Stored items
* * * *
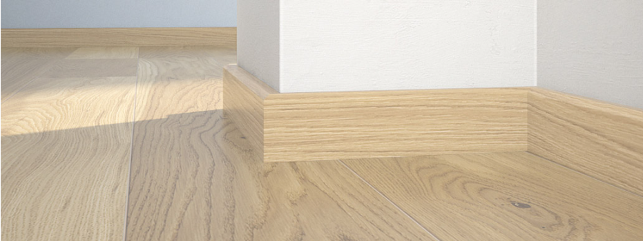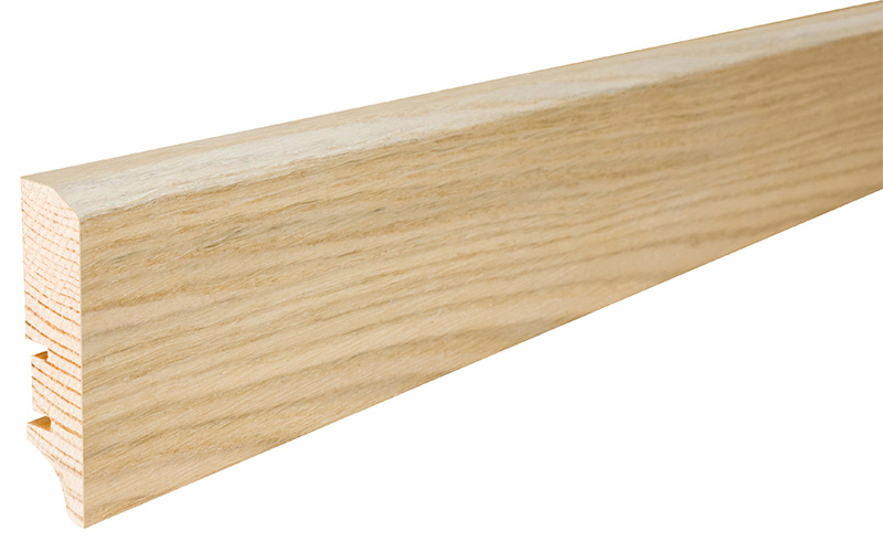 Plintă din lemn de pin  stratificat îmbinat în dinți pentru a avea o stabilitate la lungime cu furnir de stejar lacuită.
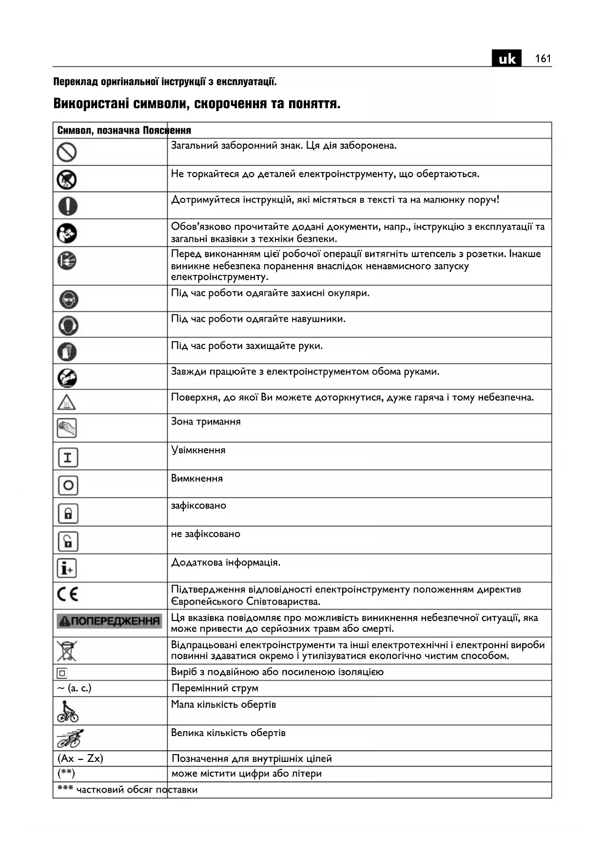 зафіксовано не зафіксовано Додаткова інформація. Підтвердження відпові дності електроінструменту положенням директив Європейського Співтовариства. Ця вказівка повідомляє про можливість виникнення небезпечної ситуації, яка може привести до серйозних травм або смерті. Відпрацьовані електроінструменти та інші електротехнічні і електронні вироби повинні здаватися окремо і утилізуватися екологічно чистим способом. Виріб з подвійною або посиленою ізоляцією ~ (a. c.) Перемінний струм Мала кількість обертів Велика кількість обертів (Ax – Zx) Позначення для внутрішніх цілей (**) може містити цифри або літери *** частковий обсяг поставки162
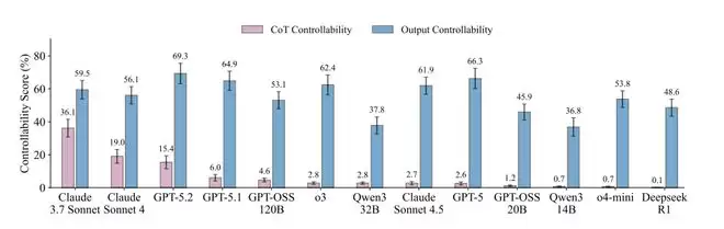 色为CoT可控性,粉色为输出可控性,两者落差在所有模型中普遍存在
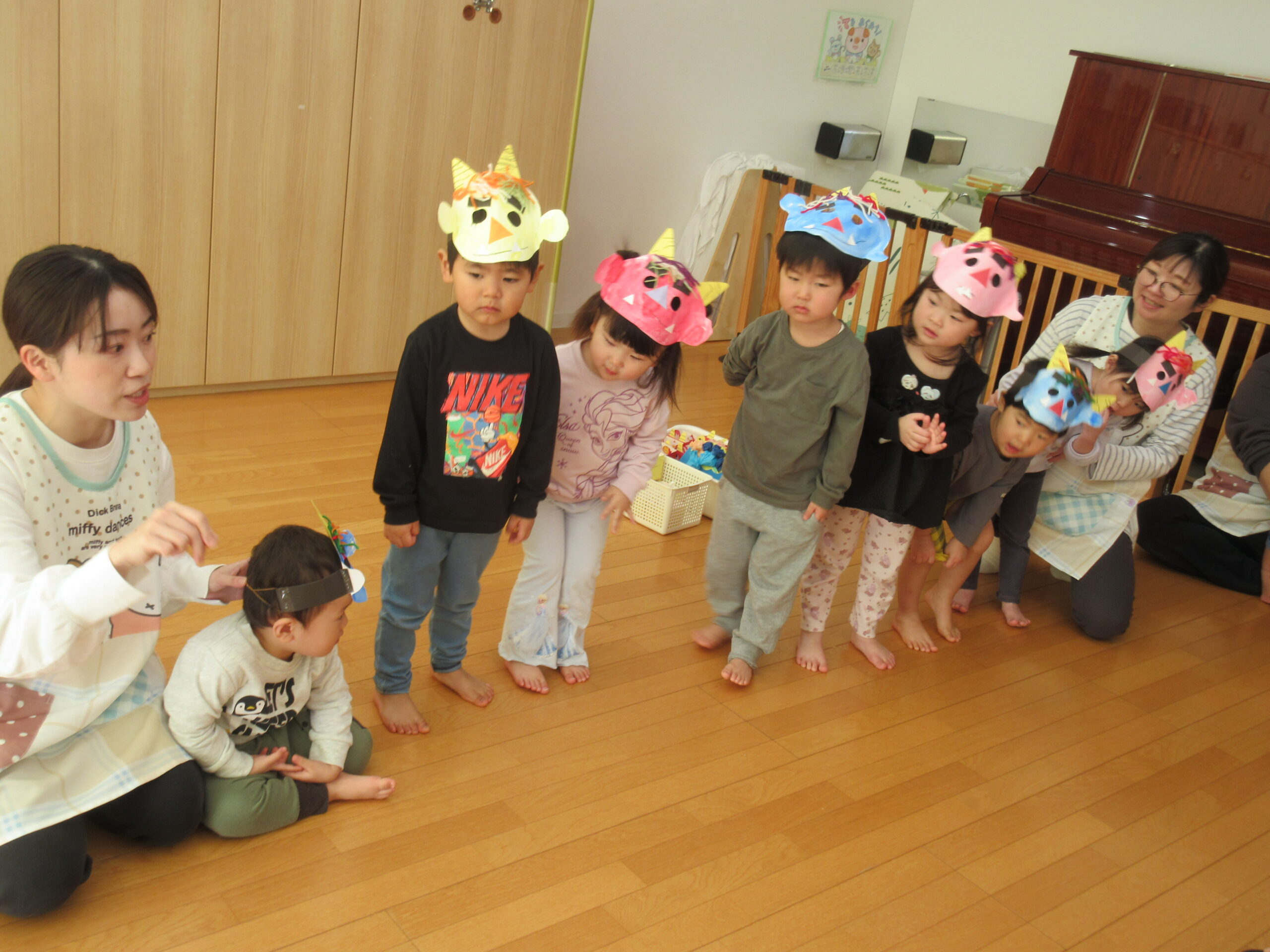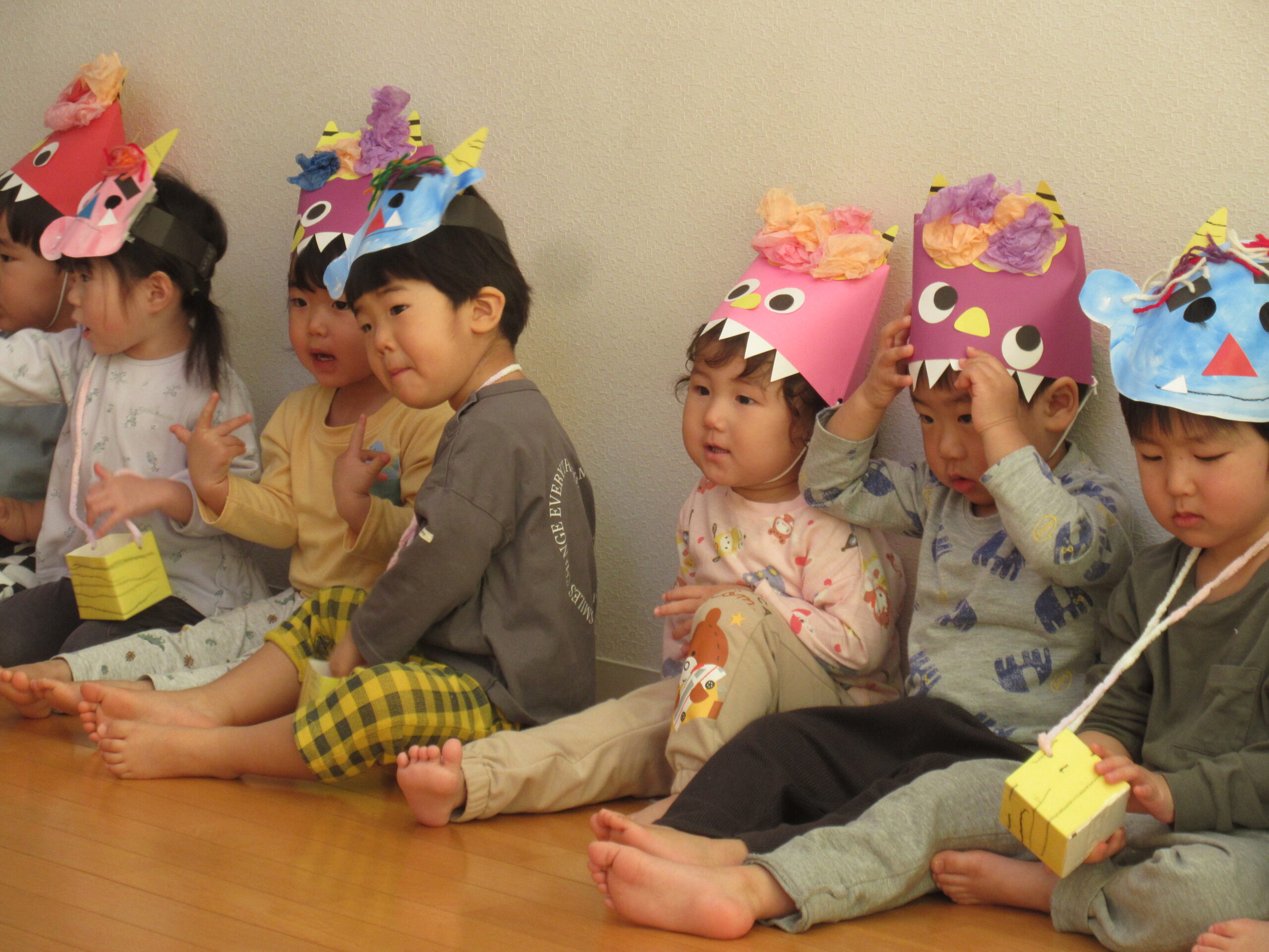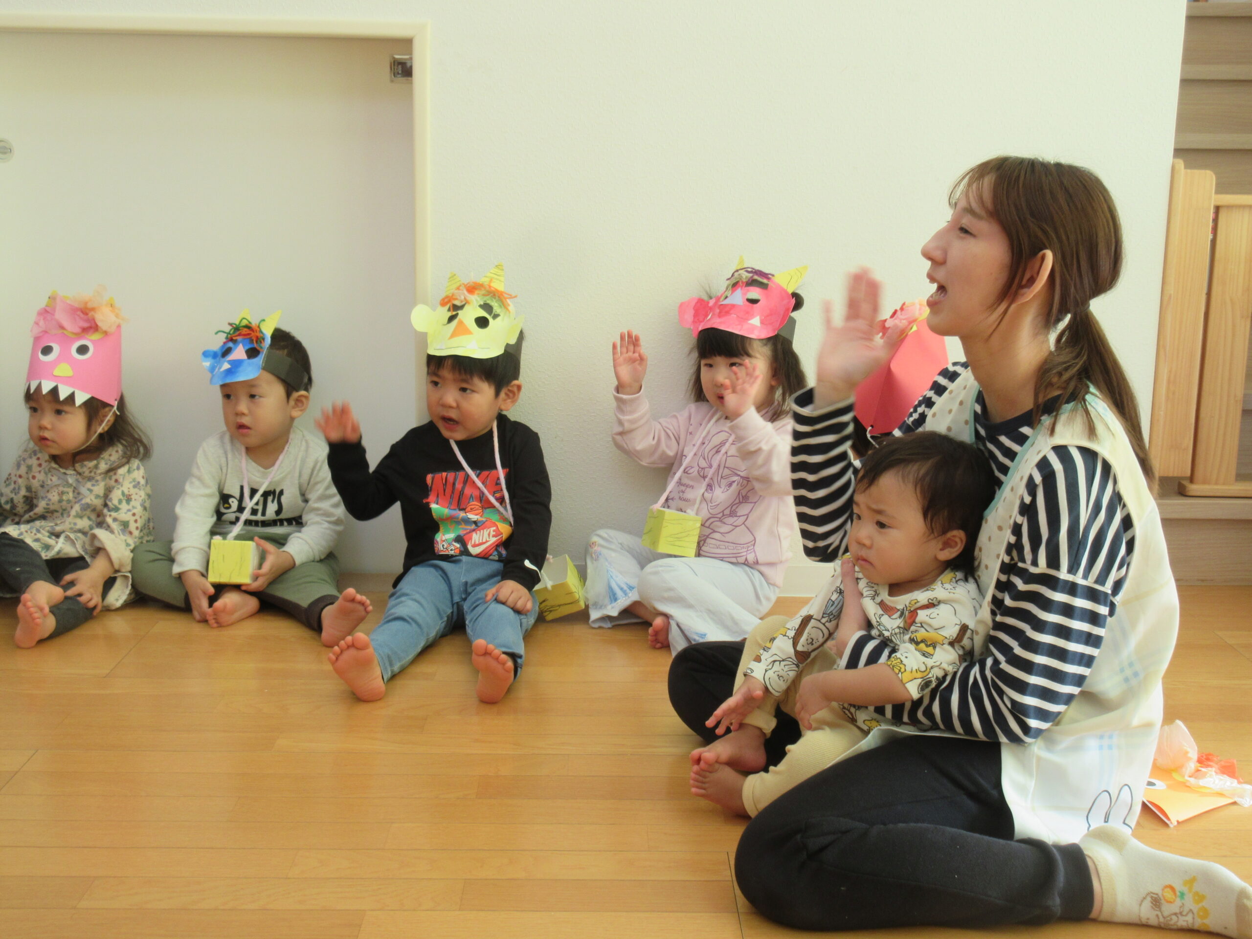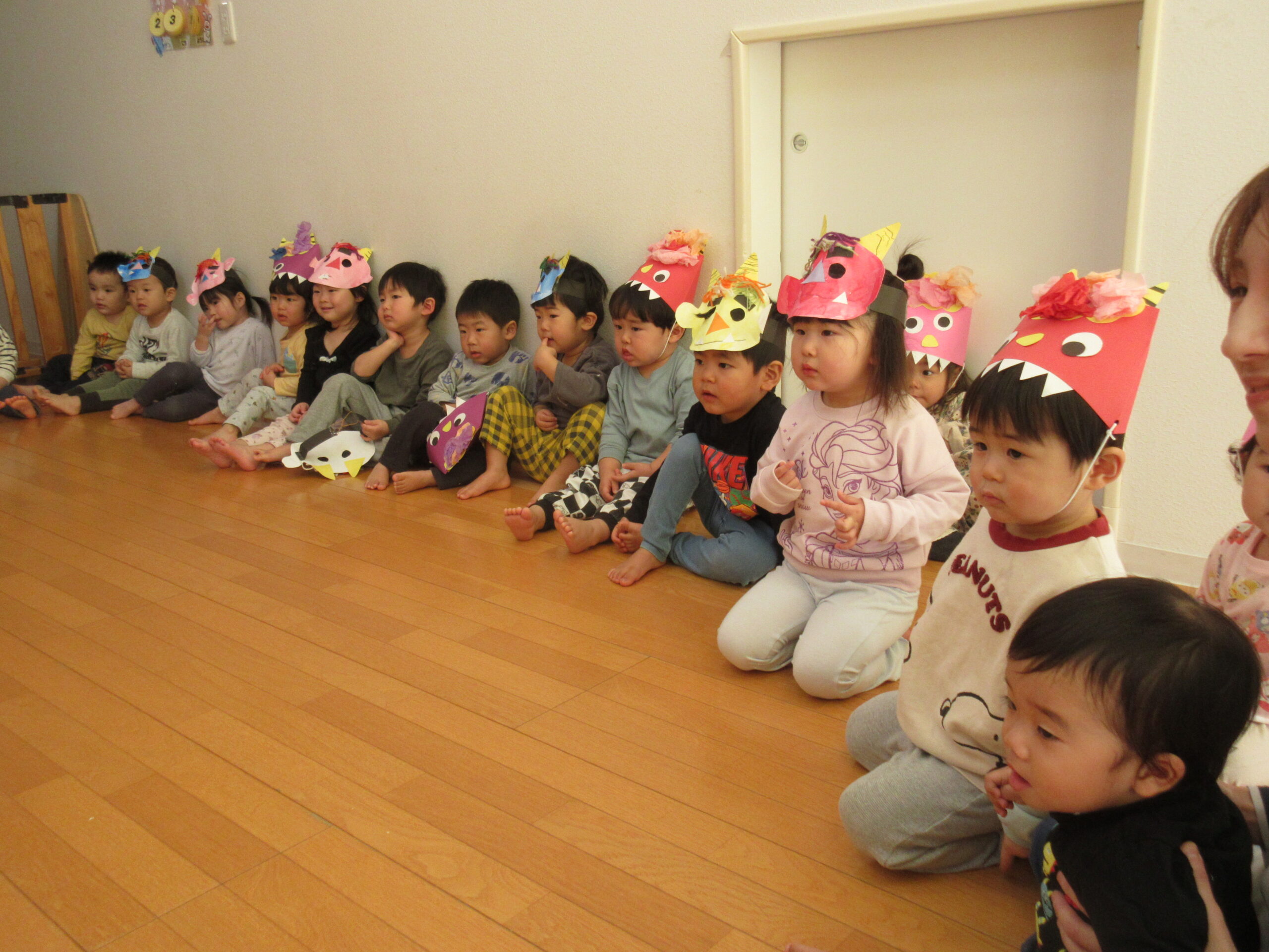 みんなが集まったところで、まずは紙芝居を見ました!節分についての紙芝居でしたが、みんな真剣な表情👀
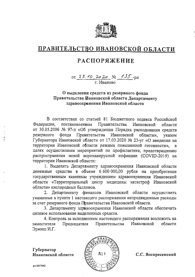 Распоряжение Правительства Ивановской области от 23.10.2020 N 135-рп "О выделении средств из резервного фонда Правительства Ивановской области Департаменту здравоохранения Ивановской области"
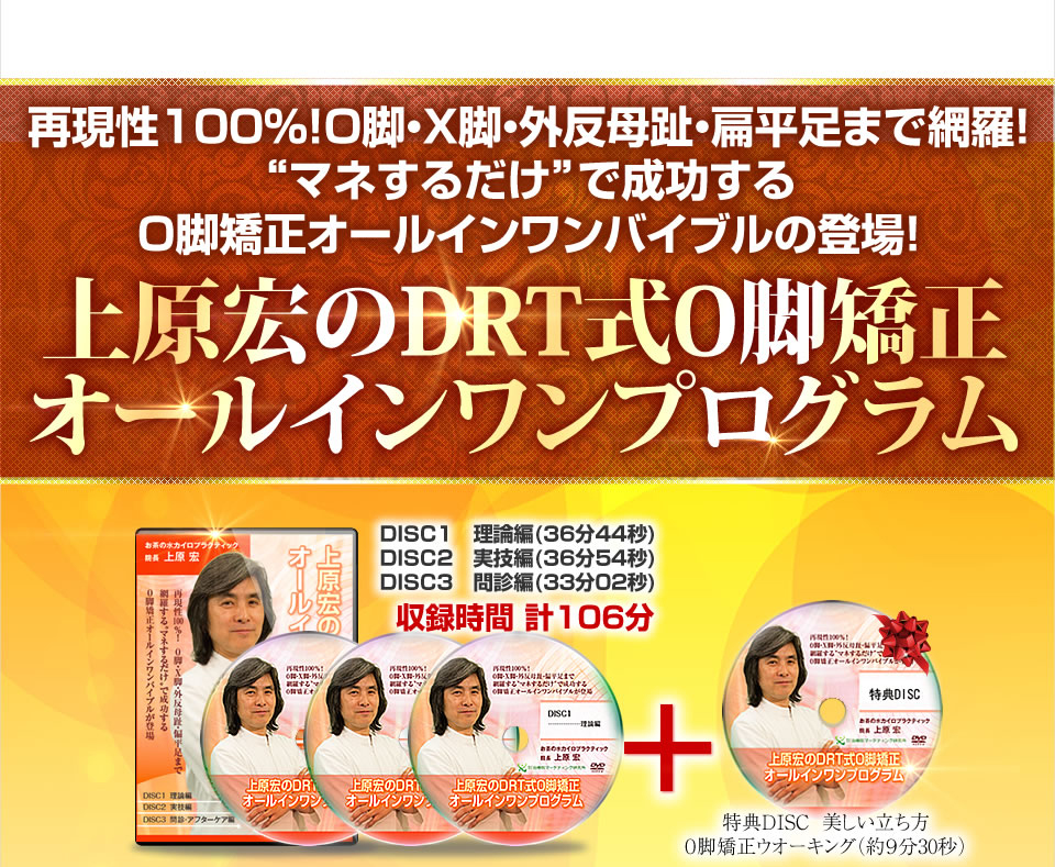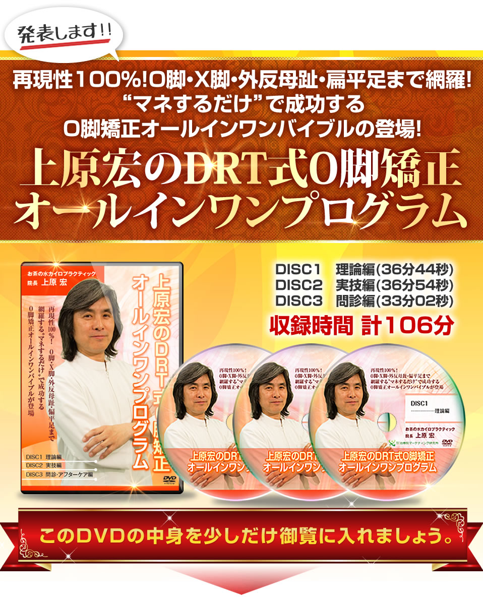までを扱っています。コレをみれば、DRT式O脚矯正の基本的構成となぜ結果を出すことができるのかが全て理解できます。
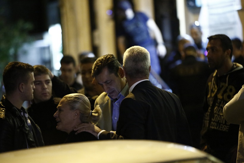 Συγγενείς και φίλοι έξω από το γραφείο του Μιχάλη Ζαφειρόπουλου δεν μπορούν να πιστέψουν τι συνέβη (φωτ.: ΑΠΕ-ΜΠΕ / Γιάννης Κολεσίδης)
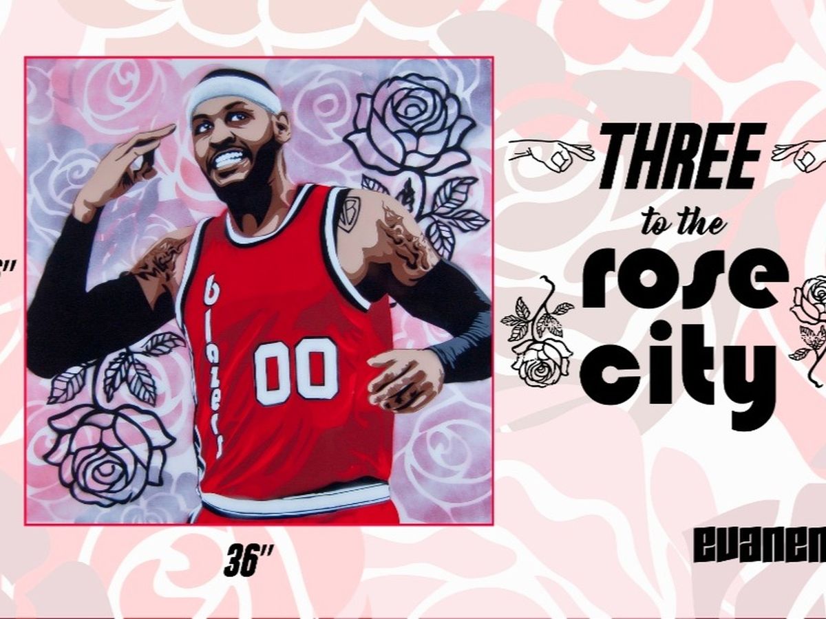 I recently made a painting of newly acquired Trail Blazer Carmelo Anthony. I've had a bunch of people asking me how much I was going to charge for this piece. After a few days of consideration, I came to the realization that I didn't want to sell it to someone and pocket the money. I want to do something more meaningful with it. And that's where you come in.
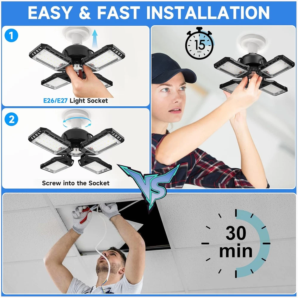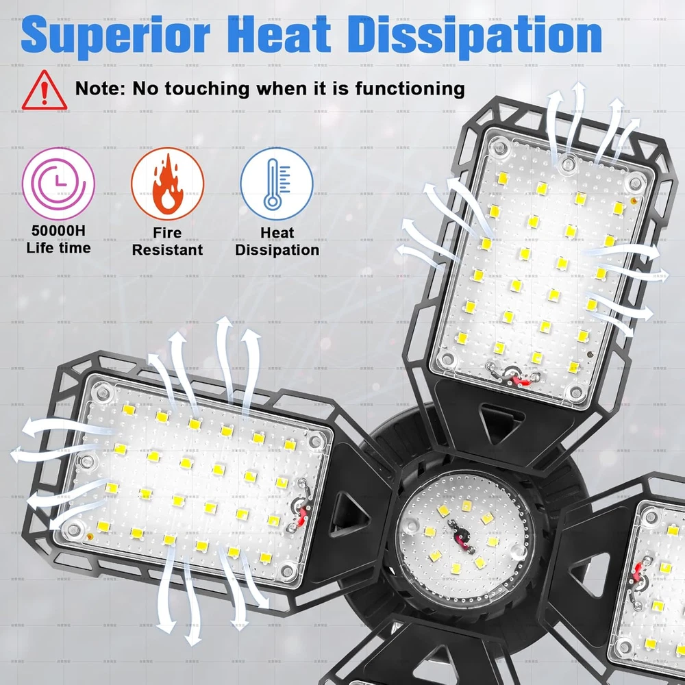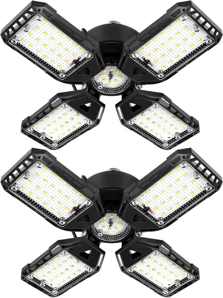 【Ultra Bright 12000 Lumens 】360°Super Brighter Illumination with 96 pieces of LED lights, total 160W,Produce 16000lumens. In addition, it provides 6500Kdaylight source and CRI> 80Ra color rendering index.This led garage light can provide the best indoor lighting experience. 【4+1 Newest Garage Lights】With 4+1 deformable panels,the garage lights can be adjustable from 0 to 90 degree, which illuminate each corner of your garage in 360 full coverage without visual blind spots and dizziness. They will provide better light than 3, 4 and 5 panel garage lights on the market. 【Safety & Energy Saving】Upgraded Garage Lighting Bulb is made of high quality aluminum heatsink and each panel features a unique hollow-out design that make a better heat dissipation. Make lifespan more than 50000 hours , and equivalent to 6 traditional light bulbs, more than 85% energy saving than traditional lamp. 【Easy Installation】 Our shop lighting, garage lighting can supper fit for the E26/E27 socket, it is as simple as installing it in a ordinary a light bulb. You only needs 30 seconds for done. no need of any tools, wiring, or professional electrician. They are good led lights for shop. 【Wide Application】 :Our New Garage Ceiling Light, with the distinctive design and excellent lighting effect, is suitable for large area lighting, such as garage, barn, exhibition area, stadium, utility room, warehouse, shop, office, basement,workshop,work place,barn and so on. An ideal choice for commercial and indoor lighting solution. 6000 lumen max blast tri 8000 lumen best garage lights hanging socket ultra folding attic gym 80 watt utility illuminator 360 basement
* * * *
• _What this task involves_
Above are some records; quote exactly and only the lines that begin at the line containing "みんなが集まったところで、ま" and stop after the line containing "I recently made", leaving out the pictures.

• _Result_
 みんなが集まったところで、まずは紙芝居を見ました!節分についての紙芝居でしたが、みんな真剣な表情👀
 Распоряжение Правительства Ивановской области от 23.10.2020 N 135-рп "О выделении средств из резервного фонда Правительства Ивановской области Департаменту здравоохранения Ивановской области"
までを扱っています。コレをみれば、DRT式O脚矯正の基本的構成となぜ結果を出すことができるのかが全て理解できます。
 Συγγενείς και φίλοι έξω από το γραφείο του Μιχάλη Ζαφειρόπουλου δεν μπορούν να πιστέψουν τι συνέβη (φωτ.: ΑΠΕ-ΜΠΕ / Γιάννης Κολεσίδης)
 I recently made a painting of newly acquired Trail Blazer Carmelo Anthony. I've had a bunch of people asking me how much I was going to charge for this piece. After a few days of consideration, I came to the realization that I didn't want to sell it to someone and pocket the money. I want to do something more meaningful with it. And that's where you come in.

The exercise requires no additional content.